Retype all entries exactly, skipping pictures.

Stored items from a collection
[Start of section]

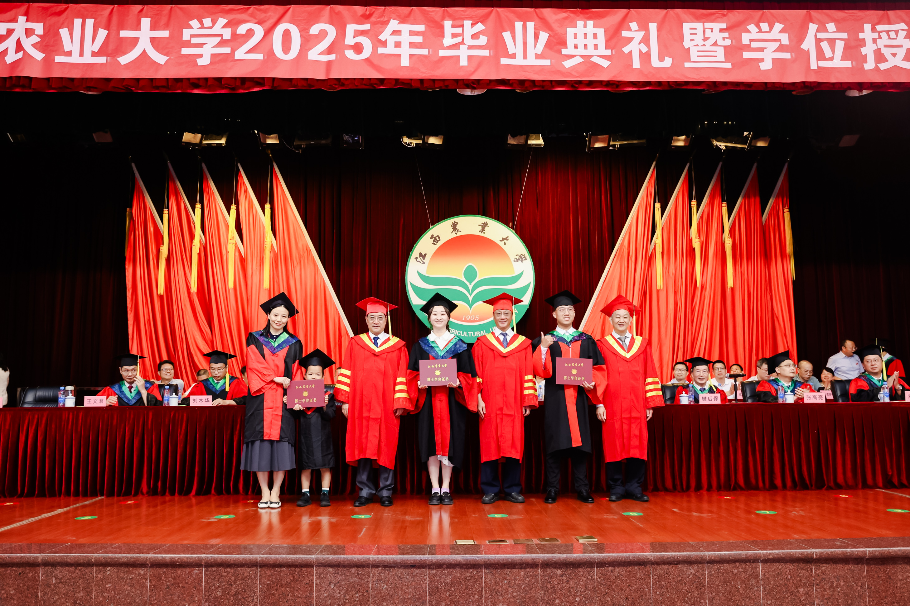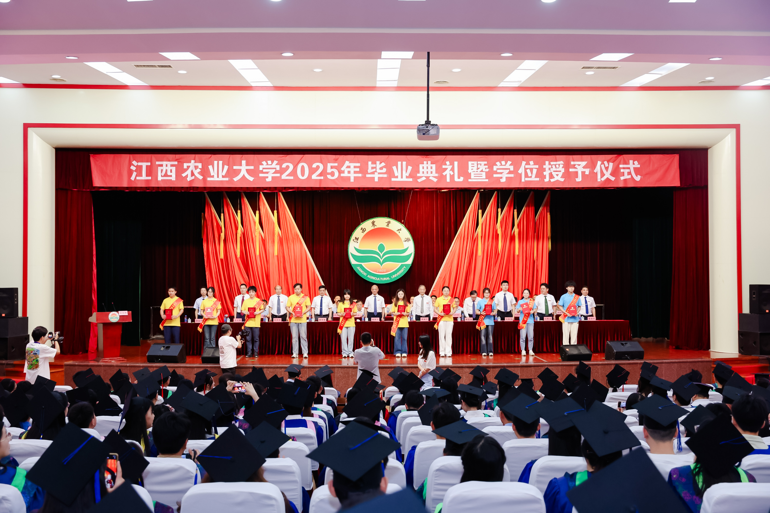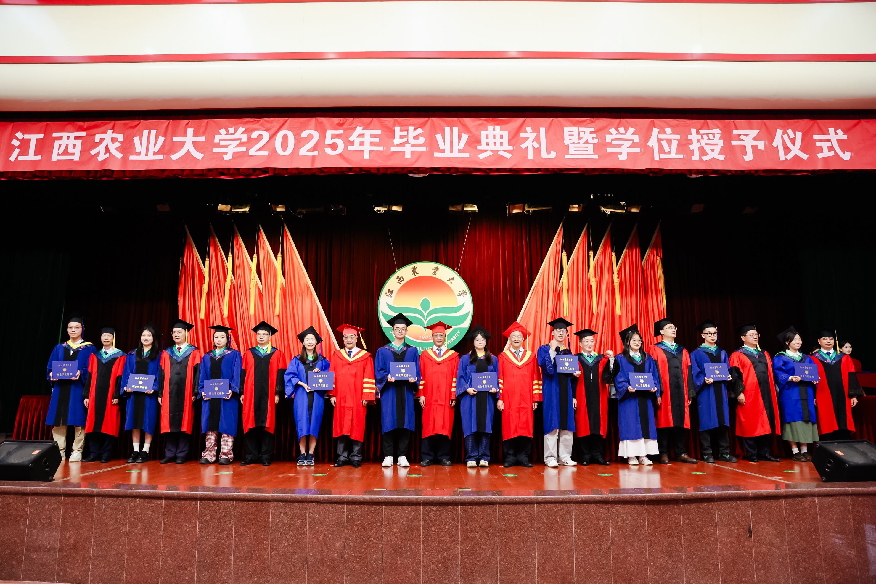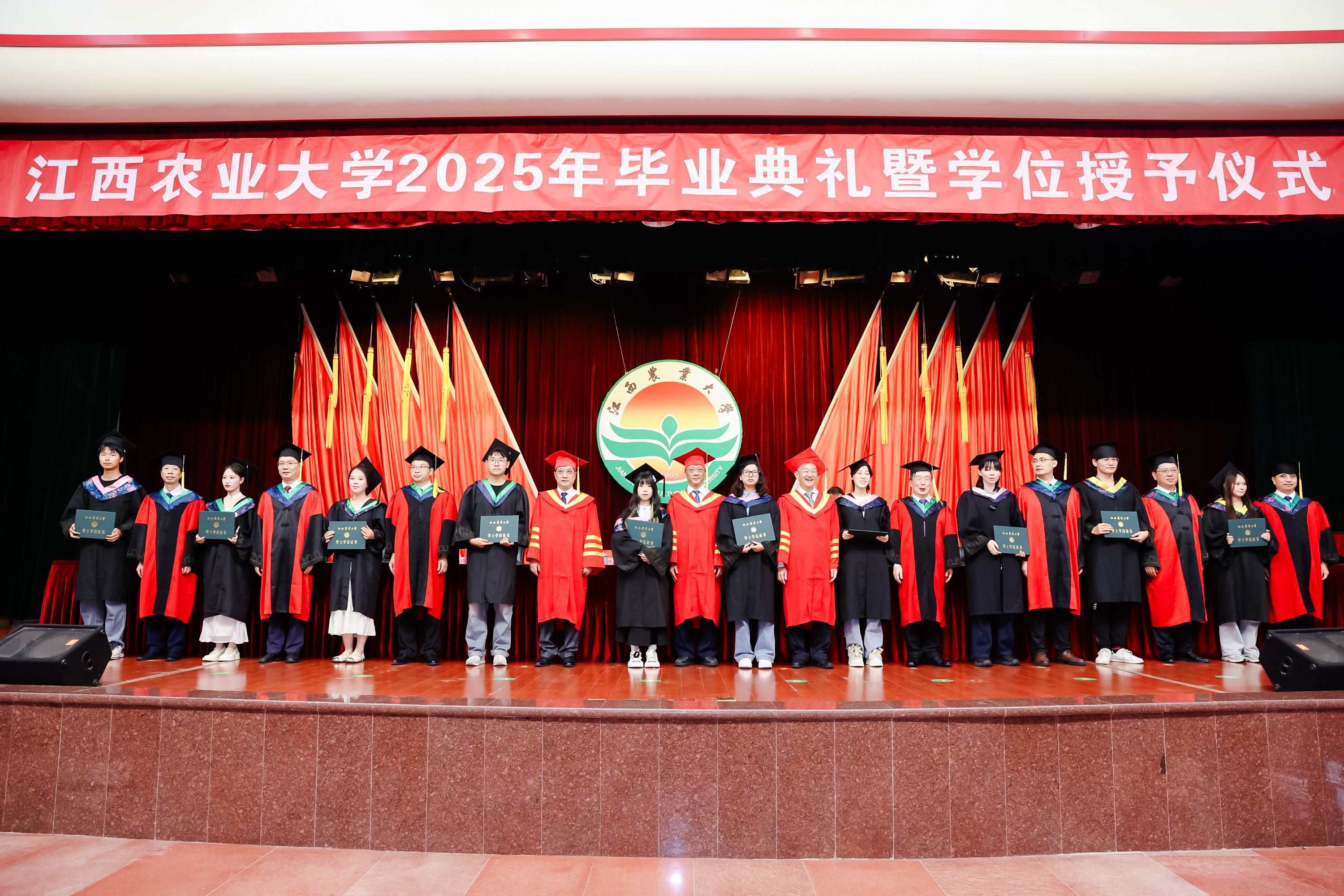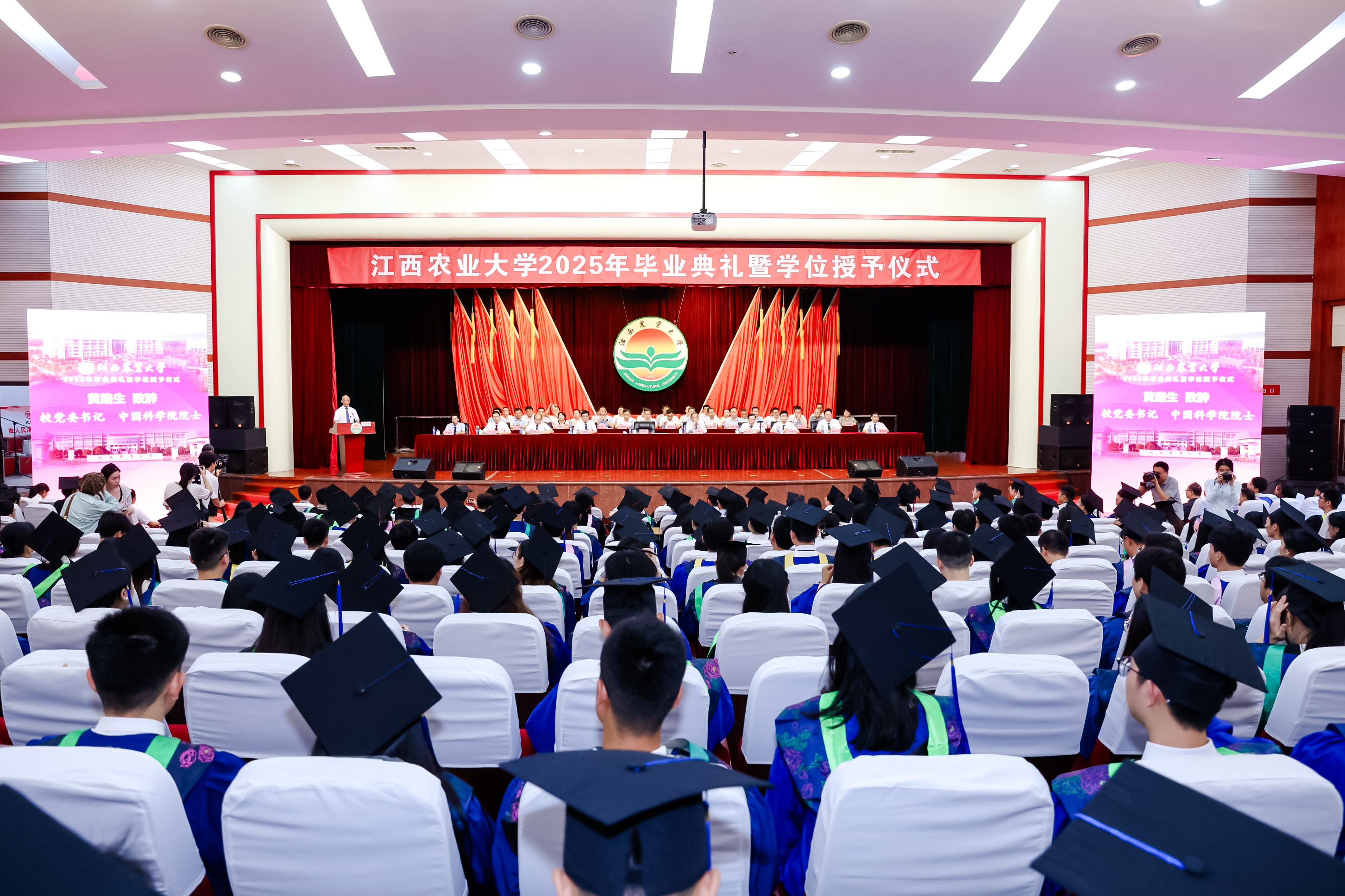 梅嶺山下,驪歌唱響。奔赴山海,鵬程萬里。6月25日上午,我校2025年畢業典禮暨學位授予儀式在逸夫報告廳隆重舉行。校黨委書記、中國科學院院士黃路生深情寄語,中國科學院院士、江西農業大學藍冠噪鹛國家保護研究中心主任魏輔文,發展中國家科學院院士、北京大學現代農學院院長、江西農業大學學術委員會主任、鄉村振興戰略研究院院長黃季焜及全體在家校領導為畢業生代表撥穗、授予學位證書。副校長樊后保主持典禮。
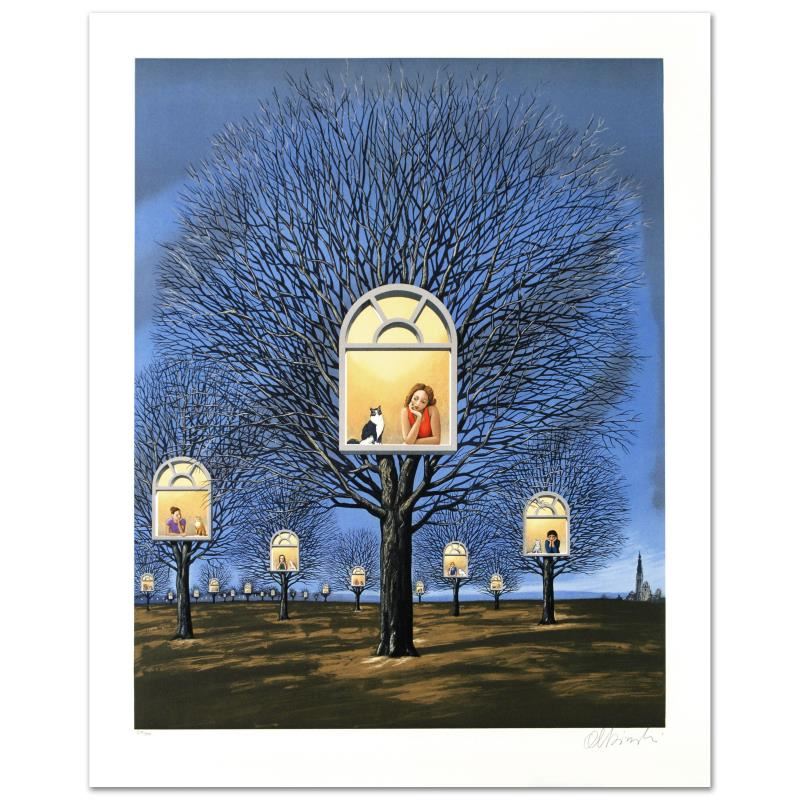 "Suspended Promises" is a limited edition hand pulled original lithograph on museum quality deckle edge paper, numbered and hand signed by Rafal Olbinski. Includes Letter of Authenticity. Measures approx. 26.5" x 33" (with border), 22.5" x 28.5" (image).
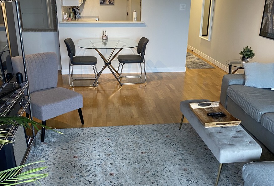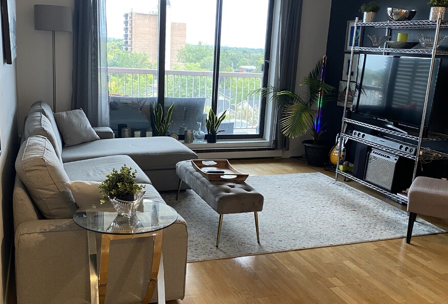 • A sun-filled open-concept living space with large south-facing windows, a comfy sectional with lounger, and a 50” TV with IPTV—perfect for cozy movie nights or lazy afternoons with a good book.
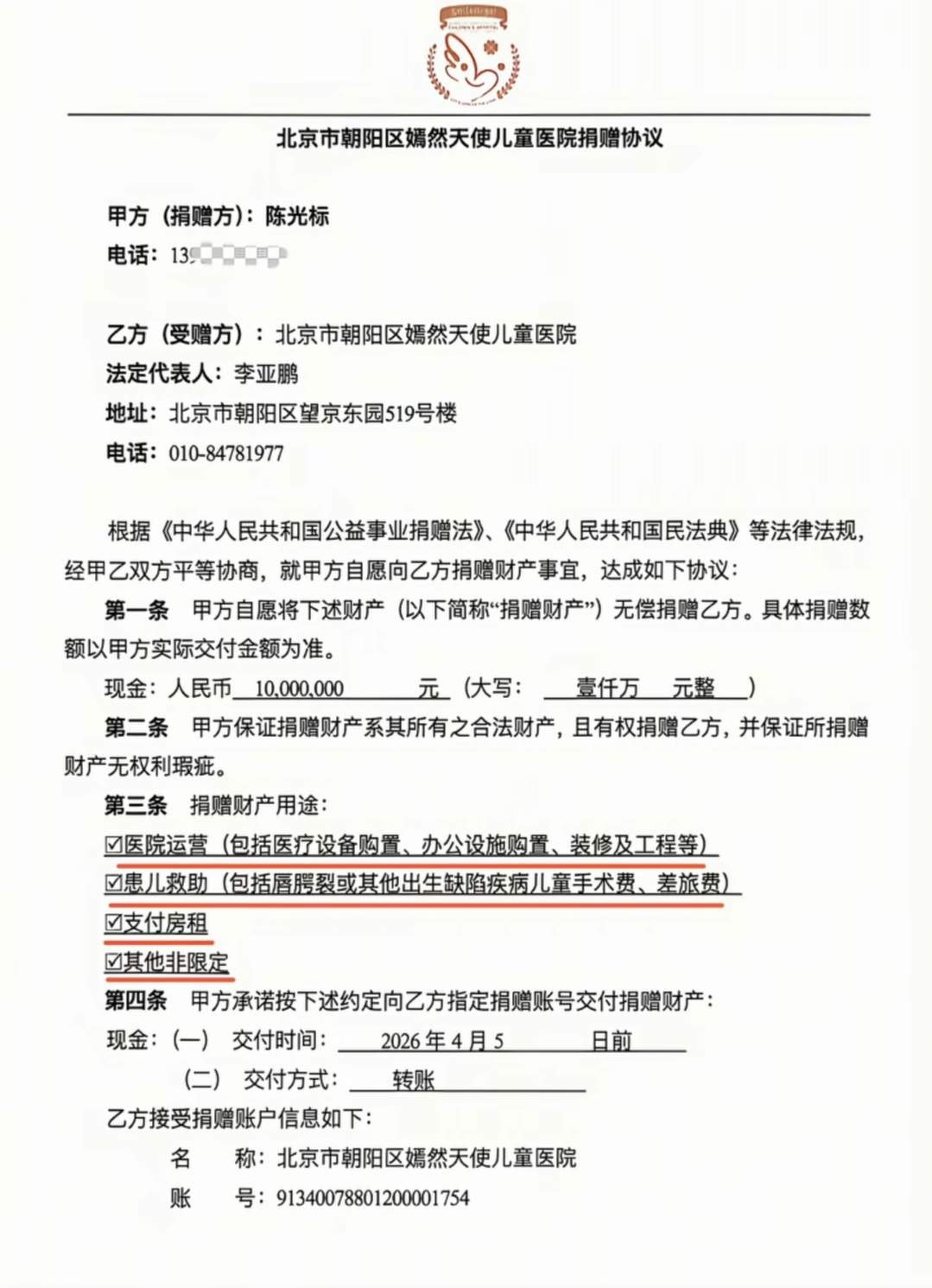 陈光标晒捐赠协议书证清白,捐赠用途可以付房租对于网上的非议,陈光标先生做出了回应,在自己的平台账号上曝出了和嫣然天使儿童医院的捐赠协议,里面清楚的写着捐赠用途有四种:
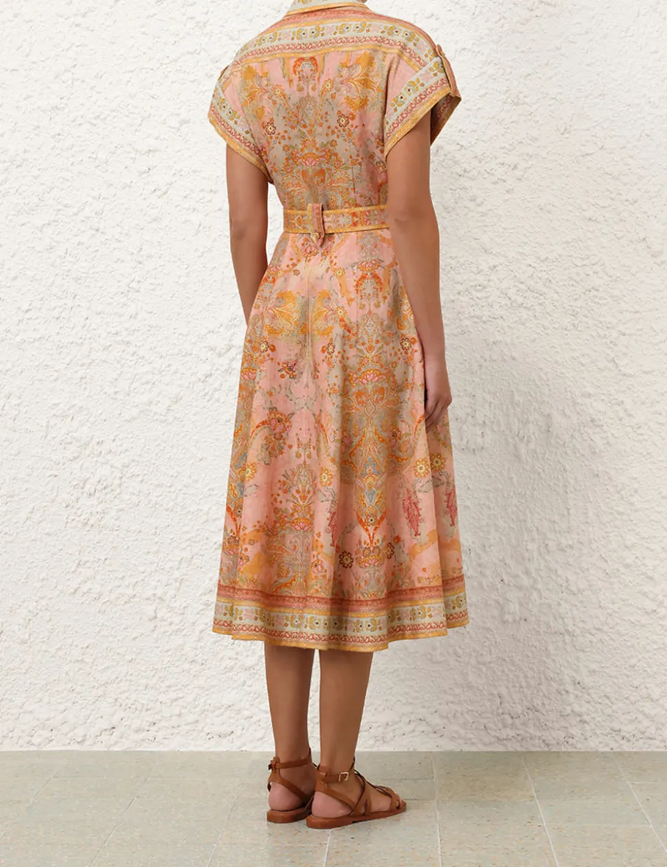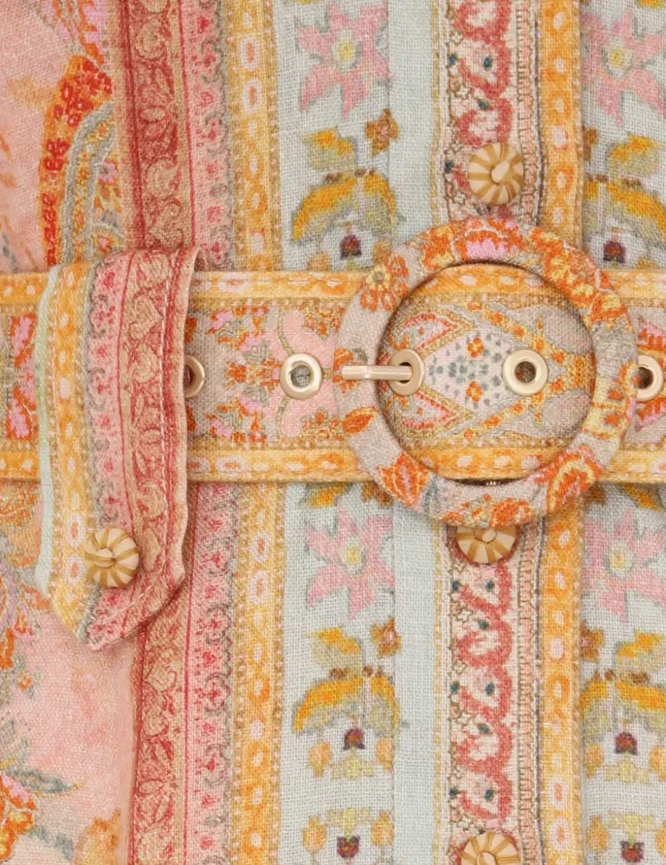 The Acacia Midi Shirt Dress in Pink Multi from our Resort Swim 2025 Collection. A linen midi dress featuring a deep V-neckline, rolled sleeves and buttons down the centre front; finished with a removable self covered belt.

[End of section]

## [Exercise answer]
 梅嶺山下,驪歌唱響。奔赴山海,鵬程萬里。6月25日上午,我校2025年畢業典禮暨學位授予儀式在逸夫報告廳隆重舉行。校黨委書記、中國科學院院士黃路生深情寄語,中國科學院院士、江西農業大學藍冠噪鹛國家保護研究中心主任魏輔文,發展中國家科學院院士、北京大學現代農學院院長、江西農業大學學術委員會主任、鄉村振興戰略研究院院長黃季焜及全體在家校領導為畢業生代表撥穗、授予學位證書。副校長樊后保主持典禮。
 "Suspended Promises" is a limited edition hand pulled original lithograph on museum quality deckle edge paper, numbered and hand signed by Rafal Olbinski. Includes Letter of Authenticity. Measures approx. 26.5" x 33" (with border), 22.5" x 28.5" (image).
 • A sun-filled open-concept living space with large south-facing windows, a comfy sectional with lounger, and a 50” TV with IPTV—perfect for cozy movie nights or lazy afternoons with a good book.
 陈光标晒捐赠协议书证清白,捐赠用途可以付房租对于网上的非议,陈光标先生做出了回应,在自己的平台账号上曝出了和嫣然天使儿童医院的捐赠协议,里面清楚的写着捐赠用途有四种:
 The Acacia Midi Shirt Dress in Pink Multi from our Resort Swim 2025 Collection. A linen midi dress featuring a deep V-neckline, rolled sleeves and buttons down the centre front; finished with a removable self covered belt.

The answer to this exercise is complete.